I promised myself I would NEVER get in front of crowds after graduating. I would occasionally have to speak to small groups early in my career, and every time it would cause me to lose sleep and have an upset stomach.
I got to a point in my career about five years ago, where there were new promotions I could go after, but part of that would require me to get in front of mid-sized groups. I almost stayed where I was, because it was comfortable and easy and I almost gave up on ever getting over my fear. But instead, I went for it, scared as hell of failure, very anxious and certain I wouldn’t be “perfect” at it.
It was outside of my comfort zone, but I continued to practice, visibly shaking the first few times I had to present, lost a lot of sleep, practiced some more, but watched as the groups slowly started growing in size, so did my confidence and I found that it’s something I actually enjoy.

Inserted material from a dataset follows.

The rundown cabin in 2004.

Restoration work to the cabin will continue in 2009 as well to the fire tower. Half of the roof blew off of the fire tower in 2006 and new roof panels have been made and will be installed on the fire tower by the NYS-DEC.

I have also found some deep breathing and yoga routines that help get me in the right mindset if I am feeling nervous or anxious. I currently present frequently to small to mid-sized groups, and it gets easier every time I do it.
Today, 5 years after making a professional and personal development goal of getting more comfortable with one of my biggest fears, something happened. I had my largest stage and largest audience to date. And I wasn’t nervous or anxious at all, but rather felt EXCITED and GRATEFUL for the opportunity. I didn’t even use the notes that I made for myself.
Making a long story longer. 🤷♀️
I definitely think this book had some impact on my mindset shift and highly recommend reading this, along with listening to Reshma Saujani’s TedTalk. Be brave, not perfect!!
What fear do you have that you’ve been able to overcome or that’s still holding you back today?